Two Wrongs; Make it Right – Parshat Vayigash 5775

IMG_1425.JPGIt is human nature to want to reciprocate actions, whether good or bad.  When someone does something nice for us, we want to pay them back or pay it forward.  When someone is horrible or mean, we want to be equally mean back.  But an “eye for an eye” isn’t always right or fair.  In our world where we work towards fairness and equality, it can be truly difficult to stand up and do the right thing when we really want others to feel our pain.

Parshat Vayigash, our Torah portion for this week, is the continuation of the saga between Joseph and his brothers.  Yehudah, one of the master perpetrators of the evil against Joseph, stands up for his brothers and asks to be imprisoned to spare Benjamin.  Later, Joseph reveals himself to his brothers, his brothers tell Jacob that Joseph is still alive, seventy members of Jacob’s people follow him down to Egypt, and the family is reunited.  At this point the narrative takes pause.

In the first lines of the parshah, we see Yehudah stand up for his brothers, we see him try to right the wrong he did against Joseph, leaving Joseph with a choice.  Joseph can continue to imprison Benjamin; in doing so he would certainly inflict pain on his brothers, the kind of pain he felt years earlier when he himself was sent off.  But, he would also cause more pain to his father, something he could not stomach.

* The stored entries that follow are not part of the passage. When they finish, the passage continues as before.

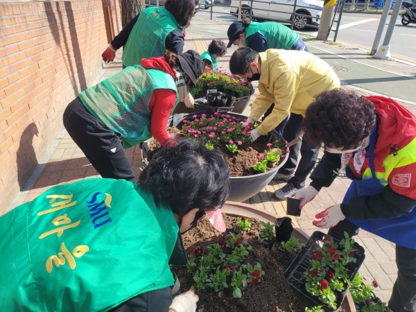 [충청뉴스큐] 평택시 송북동은 지난 31일 코로나19로 침체된 분위기를 살리고 주민들에게 화사한 볼거리를 드리기 위해 청사주변과 쓰레기 무단투기 취약지역 등 6개소에 봄꽃을 식재했다.
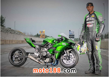 雖然KAWASAKI H2及H2R已接受預訂,但正式交到車主手上仍需要一段時間,然而現在已獲得廠方提供車輛并進行改裝的車主,肯定是非一般的車迷。獲得共11次直道加速賽(DRAG RACING)世界冠軍Rickey Gadson從1996年與KAWASAKI合作之今,他搶先一步取得的車輛是KAWASAKI特制的混合版H2,采用街道版200匹機械增壓引擎,配備了賽道版碳纖飛機翼的車頭,而Rickey Gadson的任務是把車輛改裝成直道加速賽戰車。
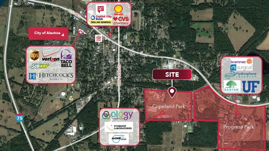 3.44-acre IOS site for sale or lease located within Copeland Park with access from Rachael Blvd. in Alachua via 60’ wide easement. This parcel is zoned as Light Industrial and is suitable for numerous uses including laboratory, technology, manufacturing and similar uses.
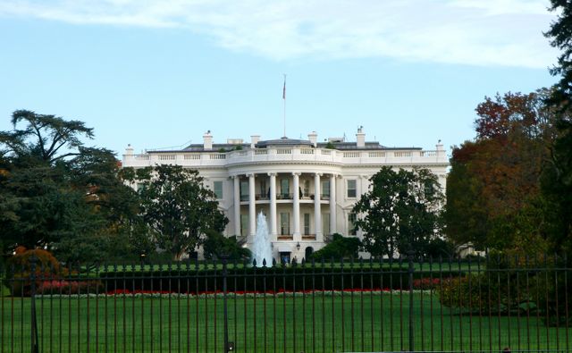 Passage rapide devant la Maison-Blanche, ouvrage en grès blanc terminé en 1800, qui, je ne l’apprends à personne, est le lieu de résidence et de travail des présidents américains…

Joseph is ultimately moved to tears by the speech his brother Yehudah gives.  He realizes that keeping Benjamin would be acting as his brothers did, stooping to their level.  Instead, he decides to rise above it and do what is right.  And in a sense, Joseph is still reciprocating.  He’s not reciprocating the pain he felt much earlier in his life, he’s reciprocating the positive step forward he sees from Yehudah.

Siblings know how to push each other’s buttons better than anyone else.  It would have been easy for Joseph to wrong his brothers as they had wronged him, but instead, Joseph gathers his inner strength and is able to rise above the pettiness and past negative of their relationship.  What better reminder that while it is easy to commit a wrong in retaliation for a wrong, righting a situation will always yield the better outcome.